Non-conformiteit bij aankoop perceel: geschikt voor normaal gebruik?

Bouwgrond of bouwrijpe grond?

Op 19 september 2023 stond bij het gerechtshof ‘s-Hertogenbosch de vraag centraal of er sprake is van non-conformiteit indien de kopende partij een bouwkavel koopt en deze partij eerst bouwpuin uit de bovengrond moet afvoeren voordat hij kan beginnen met bouwen.1

De koper, in dit geval een besloten vennootschap, had via een makelaar interesse getoond in braakliggende grond die werd aangeboden als "bouwgrond ten behoeve van een bedrijfspand". De koopovereenkomst en leveringsakte waren gebaseerd op het NVM-model Bedrijfs-Onroerendgoed, waarin de term "as is, where is" werd gehanteerd.

De koper had geen gebruik gemaakt van de mogelijkheid om voorafgaand aan de levering de grond te inspecteren en ontdekte pas na de daadwerkelijke levering dat de bovengrond puin bevatte. Zij eiste vergoeding van de kosten voor bodemonderzoek en puinverwijdering van de verkoper. De rechter oordeelde in eerste aanleg dat het verkochte voldeed aan de koopovereenkomst, maar in hoger beroep vorderde de koper opnieuw haar schadeclaim op basis van non-conformiteit en dwaling.

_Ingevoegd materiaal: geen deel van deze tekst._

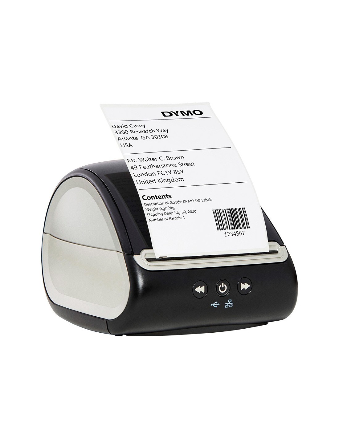 Impresora profesional de etiquetas de envío XL de alta velocidad. Utiliza la tecnología de impresión térmica directa, sin necesidad de tinta o tóner. Se conecta a la aplicación inteligente DYMO® Connect, lo que permite una gran variedad de opciones de diseño. Diseño gráfico nítido con una resolución estándar de 300 x 300 DPI. Incluye: LabelWriter 5XL, 1 rollo de etiquetas para envío extragrandes (104mm x 159mm), adaptador de CA, cable de alimentación, cable USB, guía de referencia rápida, 2+1 años de garantía limitada. Medidas: 250 x 250 x 260 mm. Peso 2,1 kg.

Het gerechtshof beoordeelde de zaak met betrekking tot de uitleg van de koopovereenkomst en stelde vast dat de term "normaal gebruik" als bedoeld in art. 7:17 BW afhangt van gangbaar spraakgebruik ten tijde van de verkoop. Omdat de bestemming van de grond het beoogde gebruik niet belemmerde, oordeelde het hof dat het verkochte in zoverre aan de overeenkomst voldeed. De koper interpreteerde "bouwgrond" echter als bouwrijpe grond, maar het hof concludeerde dat deze verwachting niet expliciet was uitgesproken tijdens de onderhandelingen en dat de prijs niet automatisch duidde op bouwrijpe grond. Daarom werd non-conformiteit afgewezen.

De koper probeerde ook via dwaling schadevergoeding te verkrijgen, maar het hof oordeelde dat de onjuiste voorstelling van zaken in deze zaak niet te wijten was aan de verkoper, omdat de koper had nagelaten haar wens voor bouwrijpe grond kenbaar te maken.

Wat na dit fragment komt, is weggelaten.